Inflammation plays an essential role in the development of T2DM. T2DM aggravates the development of liver inflammation, which itself may also contribute to T2DM. Therefore, how to alleviate liver inflammation in T2DM is particularly important. This study demonstrated that MLF can reduce blood glucose of T2DM, improve glucolipid metabolism disorders, enhance insulin sensitivity, and exert the pharmacodynamic activity of improving T2DM. At the same time, MLF can also reduce the liver index of T2DM rats and inhibit relevant inflammatory indicators, thereby regulating the development of liver inflammation in T2DM rats. These effects may be related to the fact that MLF reduces the levels of related inflammatory factors in the body by regulating the proteins related to TLR4, MyD88, TRAF6, IκB, p-IκB, and NF-κB.

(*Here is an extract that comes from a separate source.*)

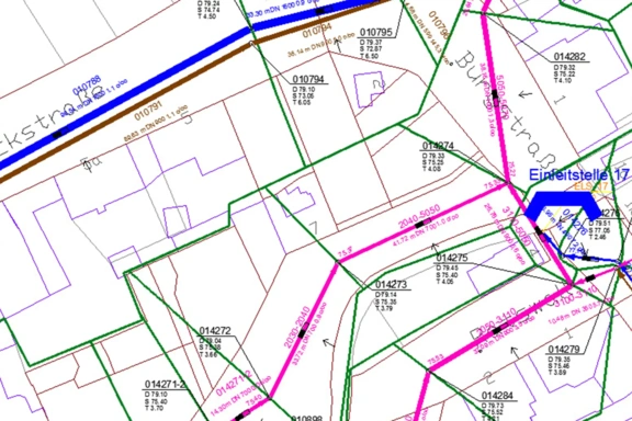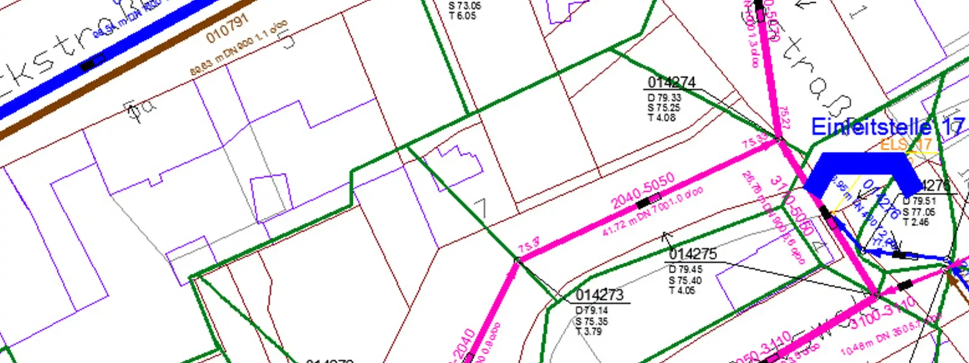 Die Größe des abflusswirksamen Einzugsgebietes beträgt etwa 200 ha, wovon ca. 147 ha befestigte an das Entwässerungssystem angeschlossen sind. Um diese Einzugsgröße für die hydraulischen Berechnungen den Kanalabschnitten bzw. den einzelnen Kanalhaltungen zuzuordnen, mussten etwa 1.000 Einzugsflächen erzeugt und mit ermittelten Eigenschaften (Befestigungsgrad, Trockenwetterabfluss, Neigungsgruppe) genauer definiert werden. Die Befestigungsgrade wurden aus den digital erzeugten befestigten und unbefestigten Flächen auf Basis von Luftbildern, Niederschlagswasser-Kundenlisten und der Allgemeinen Liegenschaftskarte (ALK) generiert und modelltechnisch berechnet. Zur Bestimmung des Trockenwetterabflusses wurden den jeweiligen Haltungen der definierten Teileinzugsgebiete die ermittelten Einwohnerwerte sowie der spezifische Abwasseranfall, modelltechnisch in Form von Einzeleinleitern, zugeordnet. Die Zuordnung der Einwohnerwerte erfolgte dabei längenproportional je Haltung.
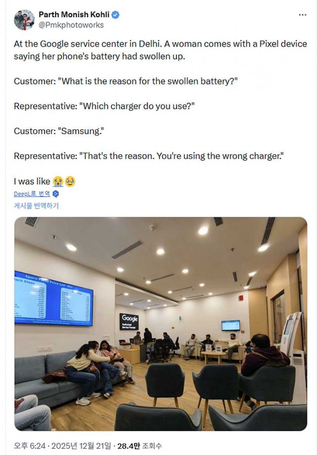 사례는 인도 델리에 위치한 구글 서비스센터에서 발생했다. X 이용자인 pmkphotoworks는 현장에서 한 여성 고객과 서비스센터 직원의 대화를 우연히 듣게 됐다고 전했다. 배터리가 부풀어 오른 픽셀 스마트폰을 들고 방문한 고객이 원인을 묻자, 직원은 먼저 어떤 충전기를 사용했는지 되물었다.

However, this study also has shortcomings. This study mainly discusses the liver inflammatory reaction caused by T2DM and MLF on its treatment, but the liver is an important metabolic organ; fat accumulation accelerated liver inflammatory infiltration. In this study, only the serum lipid metabolism indexes were determined, and the liver lipid metabolism was poorly studied; we will increase the liver lipid metabolism mechanism, further improving the effect of MLF in improving T2DM liver damage. Furthermore, although MLF is already a kind of active ingredient in mulberry leaves, it is unknown which monomer or which monomers play the main hypoglycemic effect. We will carry out further experimental studies on one or more monomers in MLF.